** Task goal **
The required output is the stretch from the line containing "A very strong" through the line containing "This project brings" in the records below, unaltered and with no pictures.

** Record excerpts **
——————————

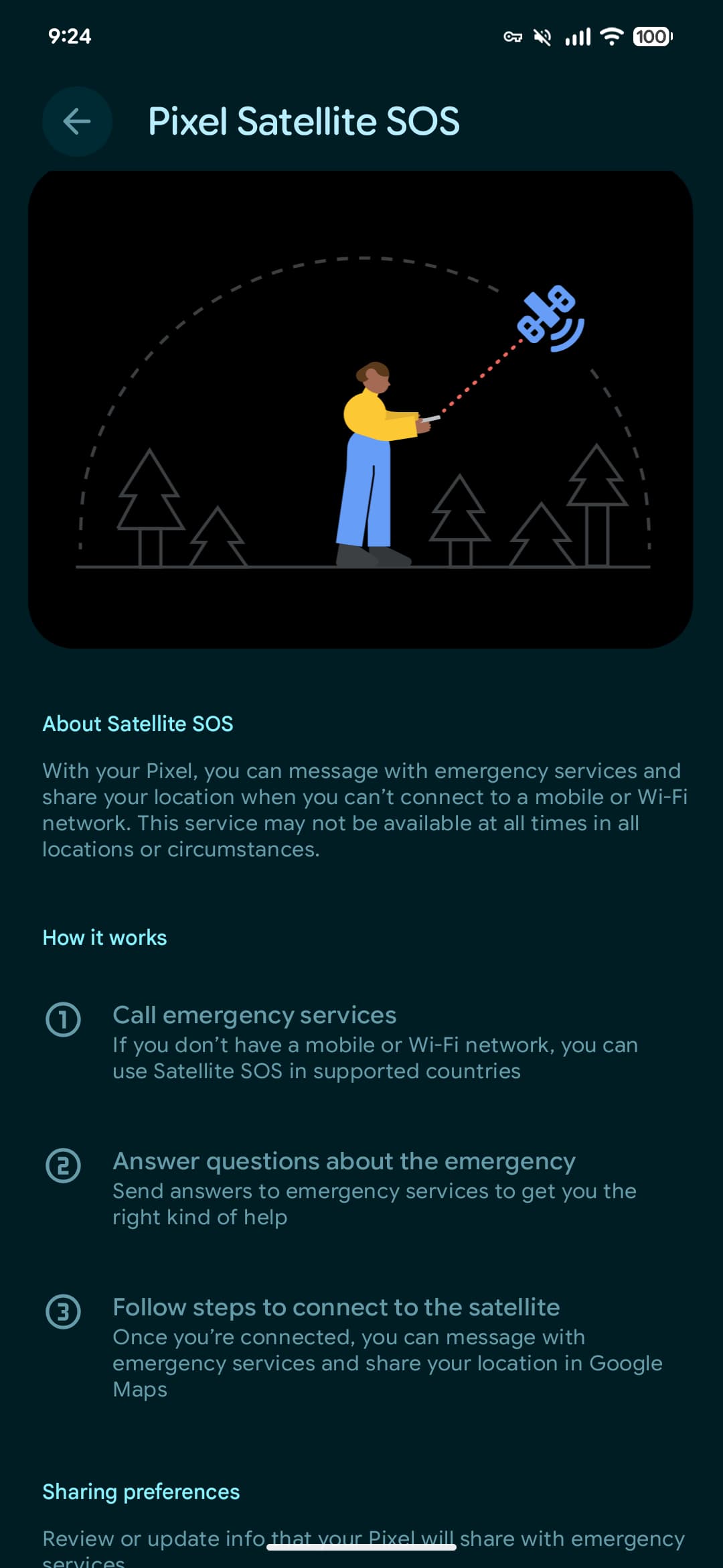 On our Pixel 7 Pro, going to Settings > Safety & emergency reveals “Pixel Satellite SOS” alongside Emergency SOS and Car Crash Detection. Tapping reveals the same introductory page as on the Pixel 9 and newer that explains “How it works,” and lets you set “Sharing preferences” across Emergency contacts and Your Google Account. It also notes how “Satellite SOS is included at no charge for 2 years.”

——————————

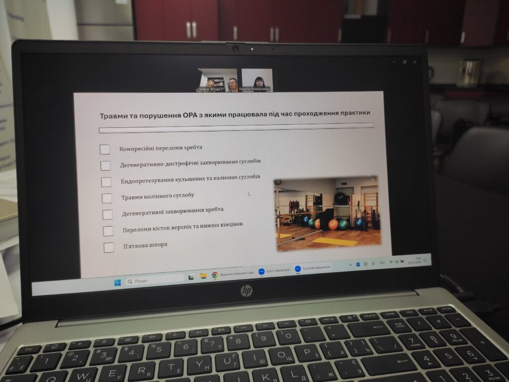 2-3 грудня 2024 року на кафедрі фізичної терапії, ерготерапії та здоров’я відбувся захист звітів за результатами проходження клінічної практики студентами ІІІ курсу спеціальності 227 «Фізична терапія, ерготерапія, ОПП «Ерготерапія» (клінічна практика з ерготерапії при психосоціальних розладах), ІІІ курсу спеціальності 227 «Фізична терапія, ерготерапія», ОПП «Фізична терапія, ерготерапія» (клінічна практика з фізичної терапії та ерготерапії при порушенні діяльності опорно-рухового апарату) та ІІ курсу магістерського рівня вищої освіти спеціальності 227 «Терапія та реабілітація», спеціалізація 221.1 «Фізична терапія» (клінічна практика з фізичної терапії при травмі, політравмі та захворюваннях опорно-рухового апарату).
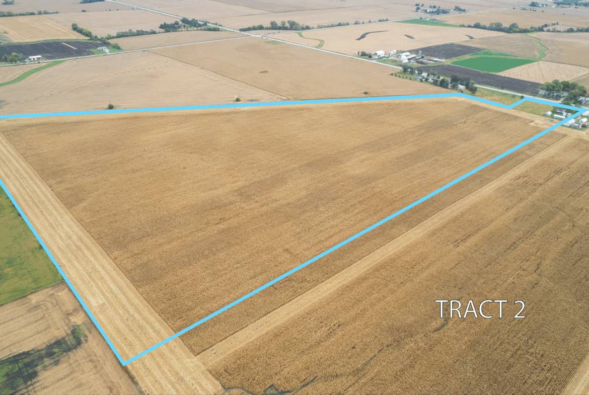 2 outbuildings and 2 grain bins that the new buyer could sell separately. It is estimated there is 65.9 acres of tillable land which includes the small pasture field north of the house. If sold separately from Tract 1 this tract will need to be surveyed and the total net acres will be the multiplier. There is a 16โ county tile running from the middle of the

——————————

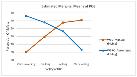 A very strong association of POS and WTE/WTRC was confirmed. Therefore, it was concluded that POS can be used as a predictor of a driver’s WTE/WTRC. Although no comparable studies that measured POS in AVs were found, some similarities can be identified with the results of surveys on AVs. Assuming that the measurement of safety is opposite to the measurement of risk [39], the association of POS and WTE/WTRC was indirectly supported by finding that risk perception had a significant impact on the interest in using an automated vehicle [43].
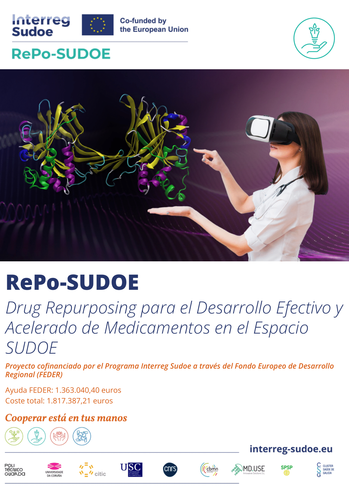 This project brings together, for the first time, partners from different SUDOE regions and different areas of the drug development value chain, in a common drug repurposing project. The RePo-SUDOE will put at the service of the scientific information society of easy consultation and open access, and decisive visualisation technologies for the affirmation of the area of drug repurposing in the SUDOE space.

——————————

** Reply **
 A very strong association of POS and WTE/WTRC was confirmed. Therefore, it was concluded that POS can be used as a predictor of a driver’s WTE/WTRC. Although no comparable studies that measured POS in AVs were found, some similarities can be identified with the results of surveys on AVs. Assuming that the measurement of safety is opposite to the measurement of risk [39], the association of POS and WTE/WTRC was indirectly supported by finding that risk perception had a significant impact on the interest in using an automated vehicle [43].
 This project brings together, for the first time, partners from different SUDOE regions and different areas of the drug development value chain, in a common drug repurposing project. The RePo-SUDOE will put at the service of the scientific information society of easy consultation and open access, and decisive visualisation technologies for the affirmation of the area of drug repurposing in the SUDOE space.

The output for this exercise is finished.